Google Street View Privacy Concerns Go to ETHI Committee

Simon Fodden predicted that the privacy complaints would begin once Google Maps Street View was launched. The maps have proven popular in Canada, with over 150 million views of other countries by Canadians in 2009 alone.

Google recognizes privacy concerns, but claims to address them through their collection and processing approach:

  • public access images, no different than what would normally be seen walking down the street
  • not in real time, so images can be months old before going live
  • blurring of license plates and faces
  • allowing removal requests, through the “Report a Problem” option in the bottom-left of all images

Assistant Privacy Commissioner Elizabeth Denham raised these concerns Thursday to MPs in the House of Commons privacy and ethics committee, pointing out that at times Colonel Sanders‘ face was blurred in ads, while people were not.
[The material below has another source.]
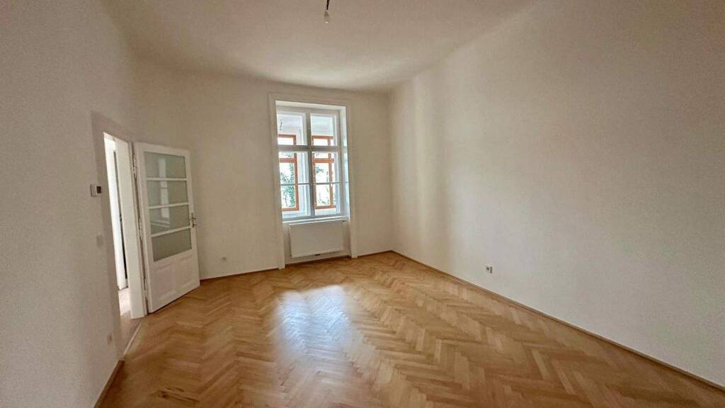 Die Wohnung befindet sich in einem gepflegten Altbauhaus und überzeugt durch ihre angenehme Raumwirkung, hohe Räume sowie den schönen Fischgrätparkettboden in den Wohnräumen. Die beiden Zimmer sind gut geschnitten und eignen sich ideal als Wohn- und Schlafzimmer oder alternativ als Wohn-/Arbeitskombination. Durch die großen Fenster wirkt die Wohnung freundlich und lichtdurchflutet. Die Küche ist separat angelegt und vom Wohnbereich getrennt begehbar. Ein besonderes Highlight ist die charmante Veranda, die sich ideal als kleines Esszimmer oder auch als Arbeitszimmer nutzen lässt. Wichtig: Eine Küche ist nicht vorhanden (Küchenanschlüsse sind gegeben). Das Badezimmer ist modern verfliest und mit einer Dusche, Waschbecken sowie Handtuchheizkörper ausgestattet. Das WC ist laut Plan separat bzw. im Sanitärbereich getrennt situiert. Das Haus verfügt über keinen Lift. Die Vermietung erfolgt unbefristet.
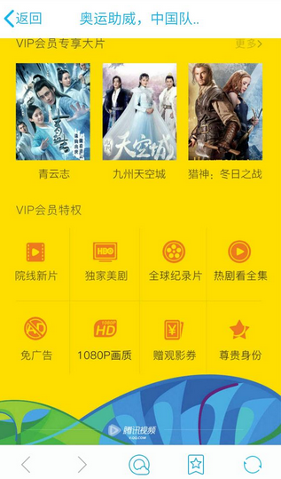騰訊視頻奧運助威免費領取3天VIP會員活動

She said that Google’s collection may fall under an exception of the Personal Information Protection and Electronic Documents Act, 2000, c. 5 (PIPEDA,),

Collection without knowledge or consent
7. (1) …an organization may collect personal information without the knowledge or consent of the individual only if

(c) the collection is solely for journalistic, artistic or literary purposes;

However, she notes that if other providers use the same argument to start collecting street-level information under the same exception, they might try to disseminate it without blurring technology, thereby posing a risk to children by predators.

Jonathan Lister of Google Canada claimed that they offer more privacy controls than mainstream-media,

If I’m inadvertently captured on the front page of a newspaper, the same way I might be inadvertently captured on Street View, I don’t have the recourse that Google offers if I’m captured in a pan shot on broadcast news. I don’t have my image blurred and I don’t have the ability to have that image taken down. So I think Google is really trying to lead by example and set the industry standard on privacy-protection practice.

Minutes from the meeting are not yet available, nor are documents from the Jan. 26, 2009 study on the implications of camera surveillance such as Google. Maybe they’re considered too private.

Meanwhile, some Canadians are wondering how many bloopers are in the new Street View maps. It’s become a popular pasttime in America, where the maps were launched May 2007.

The only thing I’ve been able to find so far is Robert Jago of A Dime A Dozen Blog claiming this shot of East Hastings Street in Vancouver is a drug deal caught on camera. I have to squint really hard to see it, and use a bit of my imagination, but if that’s the extent of privacy concerns with Google Street View, frankly, I’m not that concerned.